Even more unlucky: Golf's next big thing, Jordan Speith, won his first tournament in the event after the Greenbrier, the John Deere Classic in the Quad Cities. He almost certainly plays there in 2014, so he would have to play three weeks in a row to come here.
Don't fret too much, though — that tournament will still attract a decent field. Writer Jason Sobel, who conned his employers at Golf Channel into putting him up in The Big House, witnessed perhaps the most relaxed atmosphere players can find on the grinding PGA Tour.

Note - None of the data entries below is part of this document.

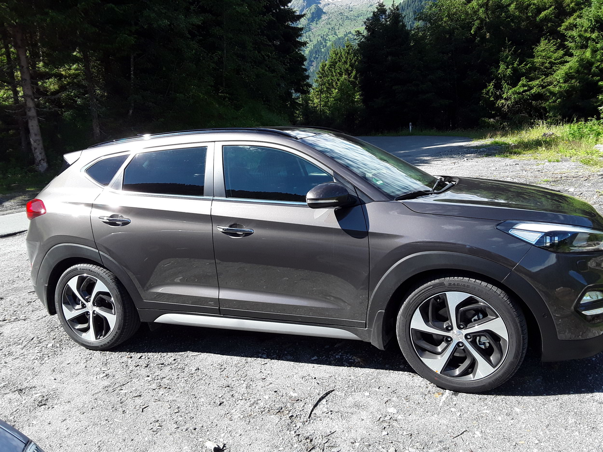Seitenansicht mit Tieferlegung. Technische Daten der Originaltieferlegung durch Hyundai: Vor Tieferlegung vorne 79 cm hinten 84 cm. Nach Tieferlegung vorne 73,5 cm hinten 80,5 cm.
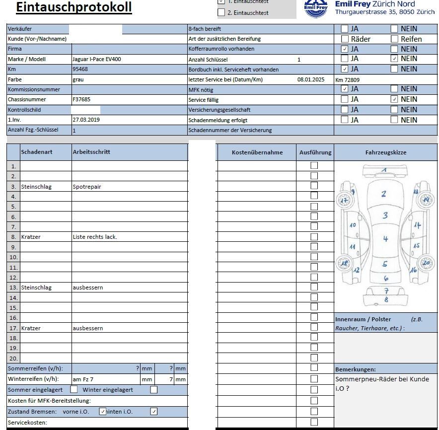 Keine Gewähr auf die Angaben der Sonder- und Serienausstattung / keine mechanische Prüfung. Fahrzeug wurde unzerlegt expertisiert / keine Haftung für allfällige, nach Demontage bekanntwerdenden Mängel. Fahrzeugbereifung und Ausstattung gemäss Fotos / Fahrzeugkauf auf eigenes Risiko ab Platz ohne Nachwährschaft.- Diverse Kratzer und Dellen am gesamten Fahrzeug.- Steinschlag Frontscheibe- Steinschlag Kotflügel vorne rechts- Letzter Service am 08.01.2025 bei 72'809 Km.
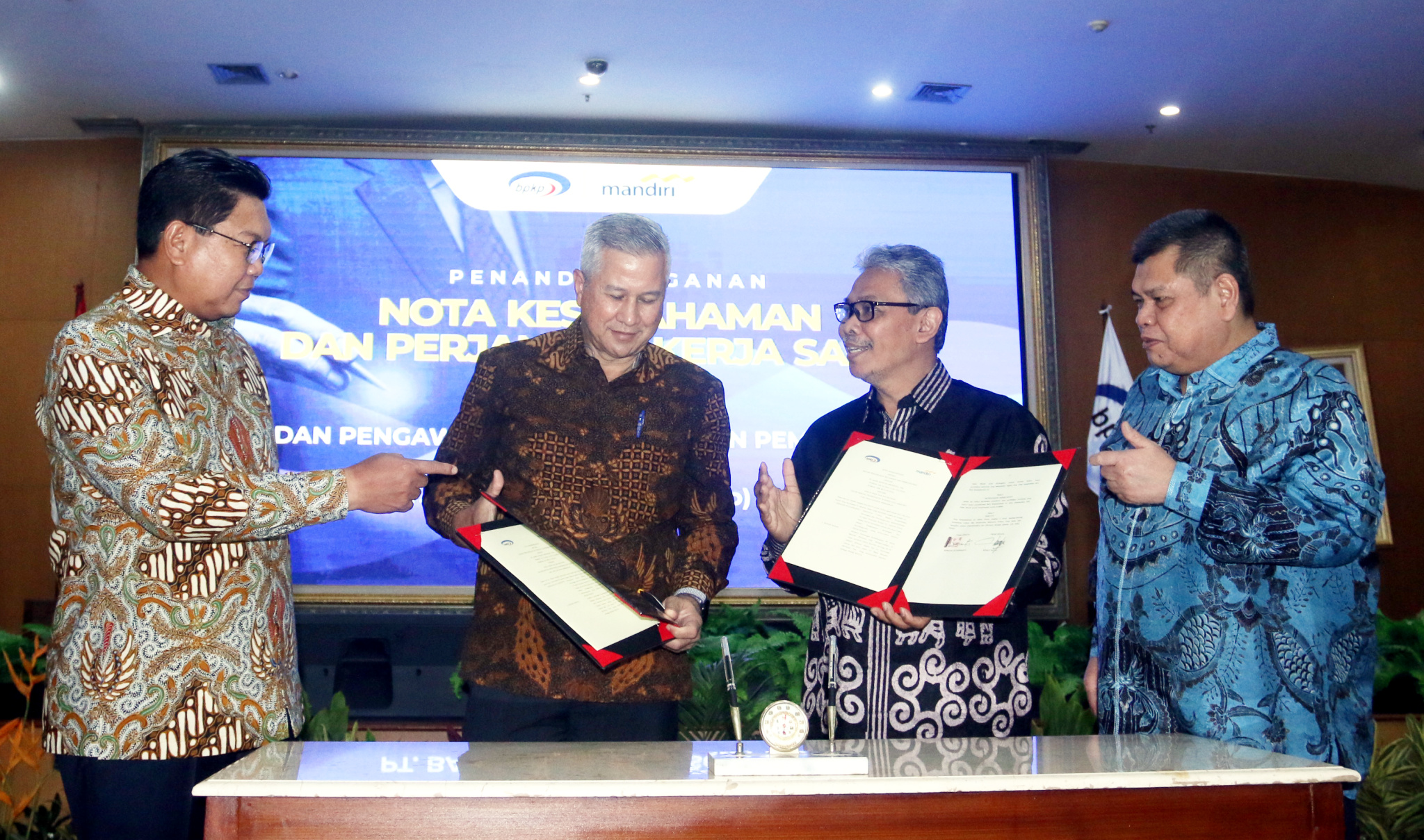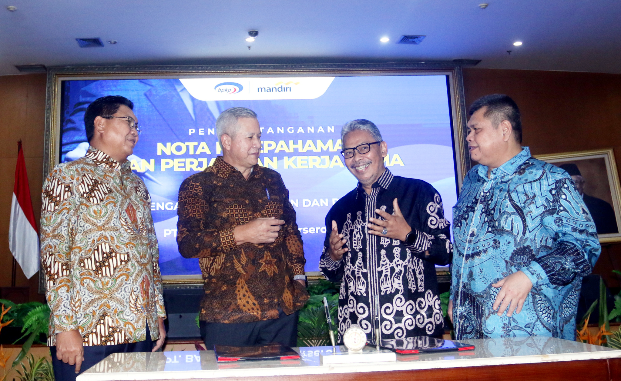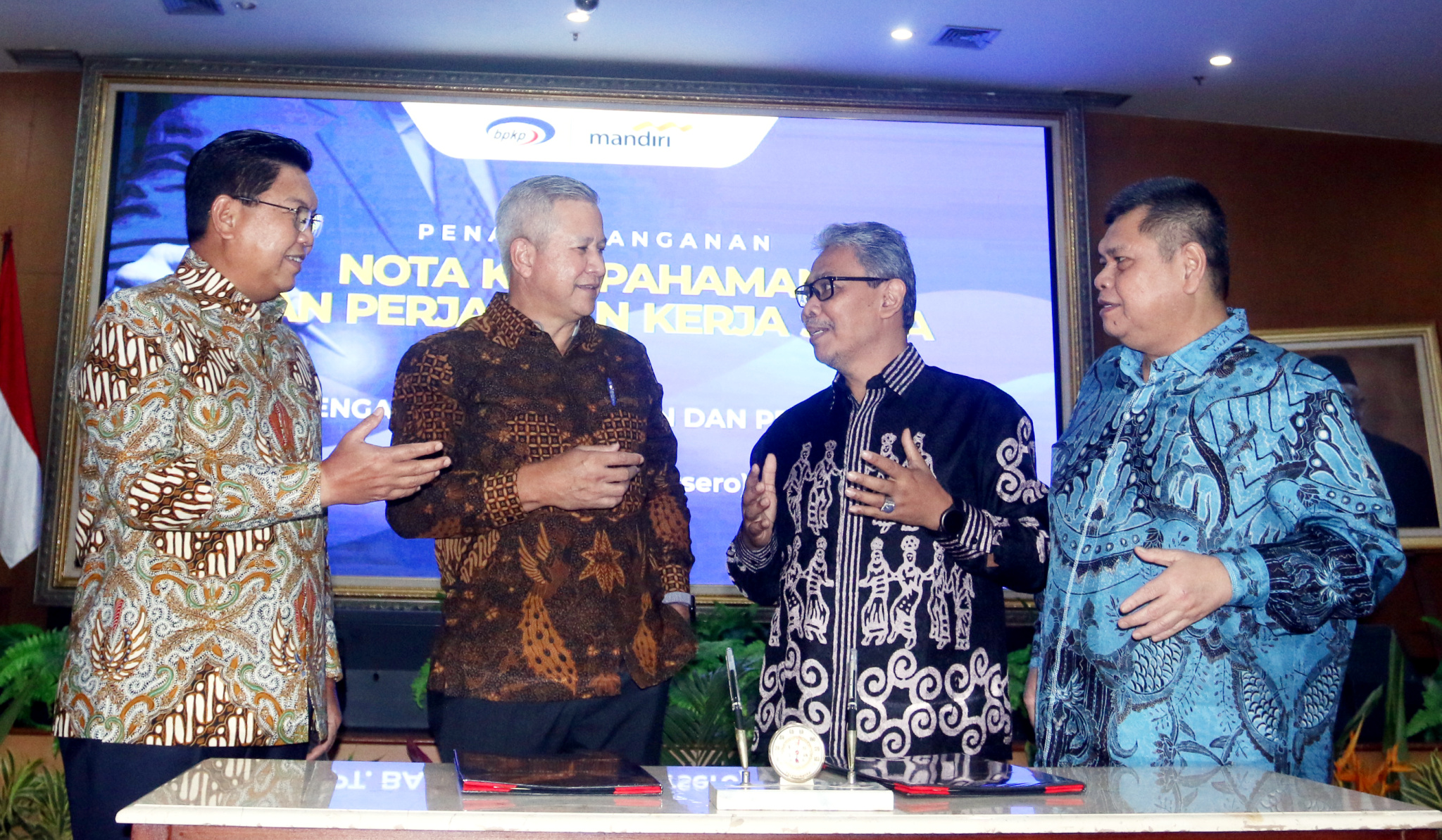 (kika) Direktur Utama Bank Mandiri Darmawan Junaidi, Direktur Hubungan Kelembagaan Bank Mandiri Rohan Hafas, Sekretaris Utama Badan Pengawas Keuangan dan Pembangunan (BPKP) Ernadhi Sudarmanto dan Kepala BPKP Muhammad Yusuf Ateh berbincang usai penandatanganan MoU dan Perjanjian kerjasama di Jakarta, Selasa (26/4). Dalam kerjasama ini, Bank Mandiri akan menyediakan berbagai produk dan layanan perbankan yang dibutuhkan BPKP, baik lembaga ataupun karyawan, dalam pelaksanaan fungsinya sebagai Pembina Pengendali Internal di kantor-kantor pemerintah. Kedua pihak juga menyepakati kolaborasi di bidang penguatan kompetensi SDM, seperti melalui training, seminar dan workshop serta pertukaran karyawan
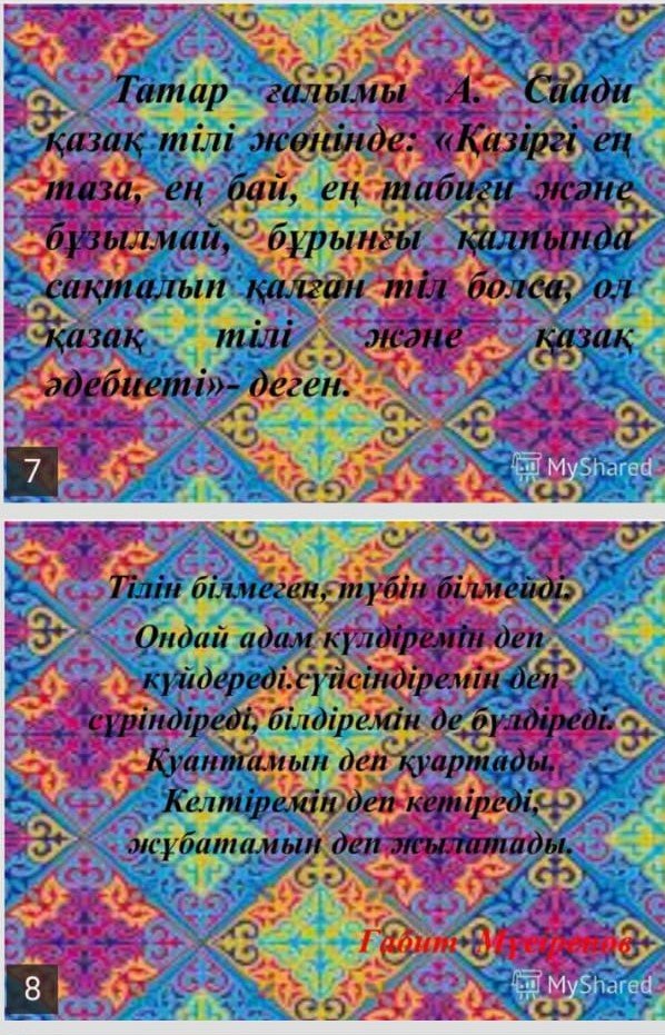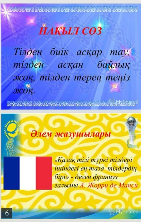 Цель: Неделя языков народов Казахстана: Строить учебный процесс с учётом темпов развития информационно–коммуникативных технологий, совершенствовать методы и приемы обучения.

n And finally, with the death of the BCS, I am wondering how Conference USA will break those ties that can't be broken by head-to-head competition. As you may remember, the league used a modified version of the BCS formula, to which senior associate commissioner denied was a modification.
So the Herd was sent to Rice for the C-USA championship game, where the controversy over the game site was quickly redirected to angst over the Herd's performance. As it should have been.
My suggestion: Since there is no way on Earth C-USA should consider a neutral site, why not simply alternate between East and West champions for the host teams? Would be a lot simpler.
n And finally, a shout-out to the folks at Channel 13 for their continued airing of the Pittsburgh Steelers over the Cincinnati Bengals, when the situation arises. One of my finest weekly rituals of the fall is listening to Huntington radio personality Paul Swann wail about that on Monday.
With that, crawl into your bunker tonight to watch the ball drop, and have a happy 2014.